[UBUNTU 20.04] mke2fs dasd(fba),Failing CCW,default ERP has run out of retries and failed

Bug #1879707 reported by bugproxy
6
This bug affects 1 person
Affects Status Importance Assigned to Milestone
Ubuntu on IBM z Systems
Fix Released
Medium
Skipper Bug Screeners
linux (Ubuntu)
Fix Released
Undecided
Skipper Bug Screeners

Bug Description

mke2fs,dasd(fba) guest edevices FBA,default ERP has run out of retries and failed,Failing CCW

---uname output---
xxxxxx - 5.4.0-29-generic #33-Ubuntu SMP Wed Apr 29 14:27:18 UTC 2020 s390x s390x s390x GNU/Linux

Machine Type = IBM 3906

---Debugger---
A debugger is not configured

---Steps to Reproduce---
 mke2fs to dasd(fba) devices

Stack trace output:
 no

Oops output:
 no

System Dump Info:
  The system is not configured to capture a system dump.

-Post a private note with access information to the machine that the bug is occuring on.
-Attach sysctl -a output output to the bug.

dasd(fba),Failing CCW,default ERP has run out of retries and failed between the following syslog events,
mke2fs running, before mounting and starting IO to dasd(fba) devices

May 14 14:33:32 ilabg13 root: ILAB_IO_FROM_MSDI_START
May 14 14:48:34 ilabg13 root: ILAB_IO_FROM_MSDI_RUNNING

bugproxy (bugproxy)
tags: added: architecture-s39064 bugnameltc-185933 severity-medium targetmilestone-inin2004
Changed in ubuntu:
assignee: nobody → Skipper Bug Screeners (skipper-screen-team)
affects: ubuntu → linux (Ubuntu)
Revision history for this message
Frank Heimes (fheimes) wrote :

Does the mke2fs of the DASD FBA issue happen during an installation or post install on a running system?
Please share the steps you performed that allow to reproduce and also the log (syslog).
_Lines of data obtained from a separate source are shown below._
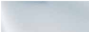
Ceramic White Accompanies Available Jet Black Leather Appointments with Ceramic White Accents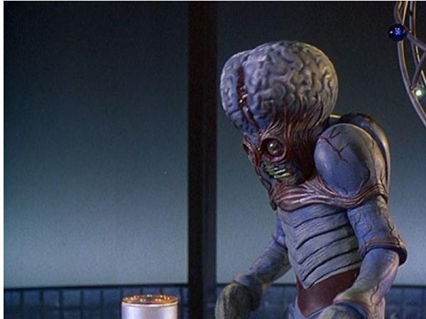
An alien from This Island Earth (1955)

In This Island Earth (1955), nuclear scientists are again the targets of invading aliens as the invaders are in need of experts to help them refuel their dying planet. Targeted scientists are first contacted by being sent the schematics to a sophisticated device that can communicate and transport matter. Once the Earth scientists have constructed the device, the aliens begin to communicate with them and enlist their help. In this instance, the natural technological curiosity of the nuclear scientists provides an entry point to admit alien forces into this world. 39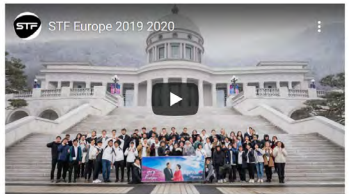
A video highlighting the year of 2019/2020

Changed in ubuntu-z-systems:
importance: Undecided → Medium
assignee: nobody → Skipper Bug Screeners (skipper-screen-team)
Revision history for this message
bugproxy (bugproxy) wrote : Comment bridged from LTC Bugzilla

------- Comment From <email address hidden> 2020-05-20 21:17 EDT-------
(In reply to comment #10)
> Does the mke2fs of the DASD FBA issue happen during an installation or post
> install on a running system?

post install when setting up to start IO to mounted filesystems located on dev dasd

> Please share the steps you performed that allow to reproduce and also the
> log (syslog).

fdisk -l /dev/dasdax1
Disk /dev/dasdax1: 9.102 GiB, 10737417216 bytes, 20971518 sectors
Units: sectors of 1 * 512 = 512 bytes
Sector size (logical/physical): 512 bytes / 512 bytes
I/O size (minimum/optimal): 512 bytes / 512 bytes

mkfs.ext3 -F /dev/dasdax1

/var/log/syslog
May 14 14:33:32 ilabg13 kernel: [116232.148325] dasd.5c0c98: 0.0.520e: default ERP has run out of retries and failed
May 14 14:33:32 ilabg13 kernel: [116232.148331] dasd(fba): I/O status report for device 0.0.520e:
May 14 14:33:32 ilabg13 kernel: [116232.148331] dasd(fba): in req: 000000001821d4df CS: 0x20 DS: 0x0C
May 14 14:33:32 ilabg13 kernel: [116232.148331] dasd(fba): device 0.0.520e: Failing CCW: 00000000116dbb5a
May 14 14:33:32 ilabg13 kernel: [116232.148331] dasd(fba): SORRY - NO VALID SENSE AVAILABLE
May 14 14:33:32 ilabg13 kernel: [116232.148339] dasd(fba): Related CP in req: 000000001821d4df
May 14 14:33:32 ilabg13 kernel: [116232.148339] dasd(fba): CCW 0000000025cde72e: 63400010 57C6BFC0 DAT: 00000200 00000002 00000000 00007FFF
May 14 14:33:32 ilabg13 kernel: [116232.148339] dasd(fba): CCW 00000000b79c223f: 43400008 57C6BFD0 DAT: 05000006 00000000
May 14 14:33:32 ilabg13 kernel: [116232.148339] dasd(fba): CCW 00000000db6e9304: 41600C00 F4100000 DAT: 00000000 00029708 00000000 00000001 00000000 5EBDB4CA 00000000 0008AB6C
May 14 14:33:32 ilabg13 kernel: [116232.148339] dasd(fba): CCW 00000000116dbb5a: 43400008 57C6BFD8 DAT: 05007FF8 00000006
May 14 14:33:32 ilabg13 kernel: [116232.148339] dasd(fba): CCW 00000000c490cf73: 41600000 00000000 DAT:
May 14 14:33:32 ilabg13 kernel: [116232.148339] dasd(fba): CCW 00000000f65dac93: 43400008 57C6BFE0 DAT: 05000002 00007FFE
May 14 14:33:32 ilabg13 kernel: [116232.148339] dasd(fba): CCW 00000000744f9570: 41200400 F4100000 DAT: 00000000 00029708 00000000 00000001 00000000 5EBDB4CA 00000000 0008AB6C
May 14 14:33:32 ilabg13 kernel: [116232.148364] blk_update_request: I/O error, dev dasdax, sector 2 op 0x3:(DISCARD) flags 0x800 phys_seg 1 prio class 0

Revision history for this message
bugproxy (bugproxy) wrote : syslog.3

------- Comment (attachment only) From <email address hidden> 2020-05-20 21:20 EDT-------

Revision history for this message
Frank Heimes (fheimes) wrote :

Involved IBM LoZ dev, looks like FBA driver expertise is needed.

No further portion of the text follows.